After carving up your Halloween pumpkin, don't forget to save those seeds. Pumpkin seeds are not only delicious but also provide many health benefits. Here are a ten things you may not know about our big orange friend and it's delicious seeds.
1) Like cantaloupe, watermelon, cucumbers and squash, pumpkins belong to the gourd or Cucurbitaceae family.
2) Pumpkin seeds are a very good source of phosphorus, magnesium, manganese, zinc, iron and copper. In addition, pumpkin seeds are a good source of protein and vitamin K.
3) Pumpkin seeds may effectively reduce inflammation. In animal studies, they were compared favorably with use of the anti-inflammatory drug Indomethacin in reducing inflammatory symptoms.

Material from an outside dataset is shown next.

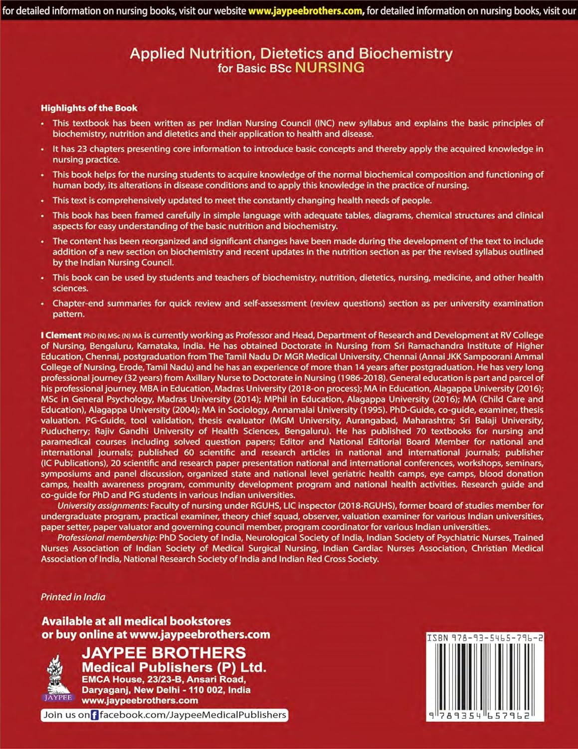Textbook on applied nutrition, dietetics and biochemistry for BSc Nursing students is written as per the New Indian Nursing Council (INC) Syllabus] has 23 chapters, 14 chapters framed for nutrition and dietetics, 9 chapters framed for biochemistry, prepared carefully in simple language with adequate tables, diagrams, chemical structures and clinical aspects for easy understanding of the basic nutrition and biochemistry.
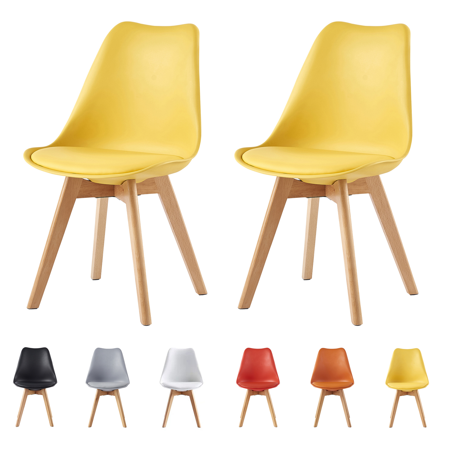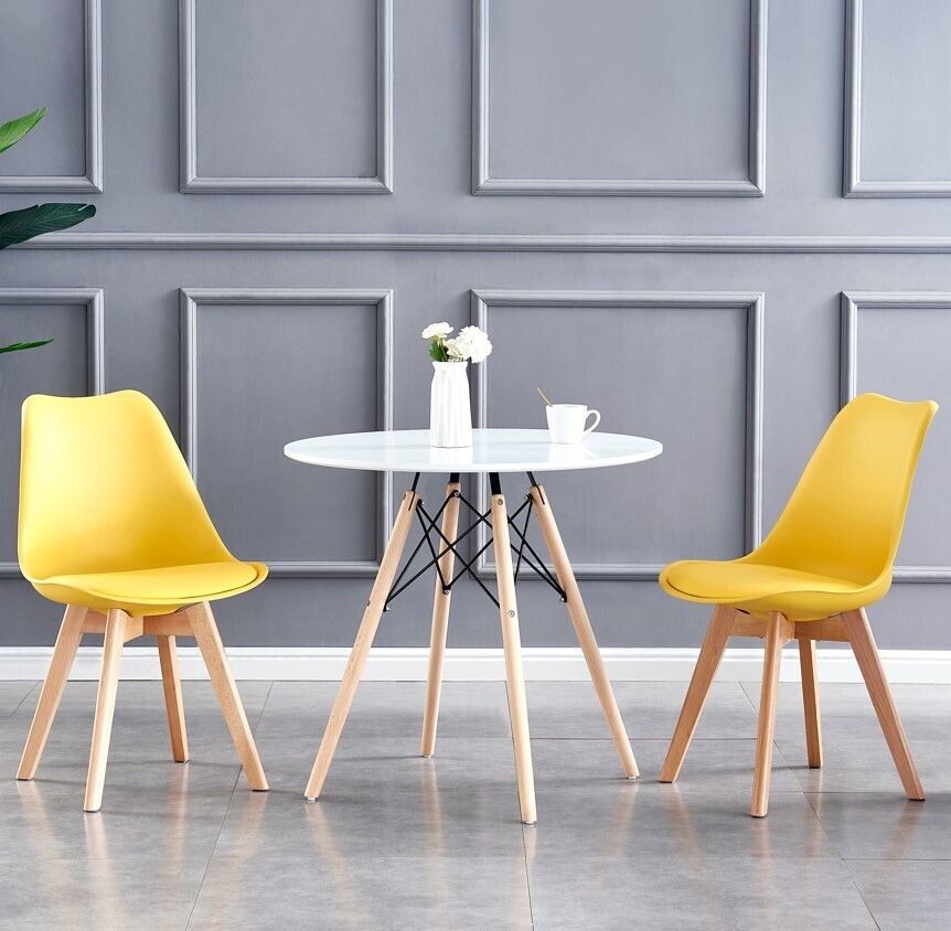 Eva Deluxe Dining Chairs Deluxe Wooden Legs Set of 2(Yellow)

4) Pumpkin seeds may help prevent prostate enlargement. Compounds in pumpkin seeds appear to be able to interrupt increased prostate cell multiplication. The large amounts of Zinc may also improve prostate function. Both German and Bulgarian folk medicines say that eating pumpkin seeds prevents impotence.
5) Because they are high in zinc, pumpkin seeds are also natural protector against osteoporosis. Low intake of zinc has been linked to increased rates of osteoporosis.
6) Pumpkin seeds contain the amino acid L-tryptophan, zinc and magnesium, which may be effective in treating mild depression.
7) Two trials from Thailand reported that eating pumpkin seeds reduces urinary risk factors for forming kidney stones. They are also helpful in reducing purine which causes gout.
8) Pumpkin Seeds have been used in traditional medicine to treat parasites such as pin worms, round worms and tape worms.
9) Pumpkin seeds contain phytosterols, compounds that have been shown to reduce levels of LDL cholesterol. These same phytosterols, are also believed to increase the immune response and decrease risk of certain types of cancers.
10) Fifty grams of seeds has 5 grams of healthy dietary fiber.
Here is a recipe for Toasted Pumpkin Seeds with Sugar and Spice from allrecipes.com
Ingredients:
• 1 cup raw pumpkin seeds, rinsed and dried
• 6 tablespoons white sugar, divided
• 1/4 teaspoon salt
• 1/2 teaspoon pumpkin pie spice
• 1 tablespoon vegetable oil
Directions:
1. Preheat the oven to 250 degrees F. Spread pumpkin seeds in a single layer on a baking sheet. Toast for 45 minutes, stirring occasionally, until dry and toasted. Larger seeds may take longer.
2. In a large bowl, stir together 2 tablespoons of sugar, salt, and pumpkin pie spice. Set aside. Heat the oil in a large skillet over medium-high heat. Add the pumpkin seeds and sprinkle the remaining sugar over them. Stir with a wooden spoon until the sugar melts, about 45 seconds. Pour seeds into the bowl with the spiced sugar and stir until coated. Allow to cool before serving. Store in an airtight container at room temperature.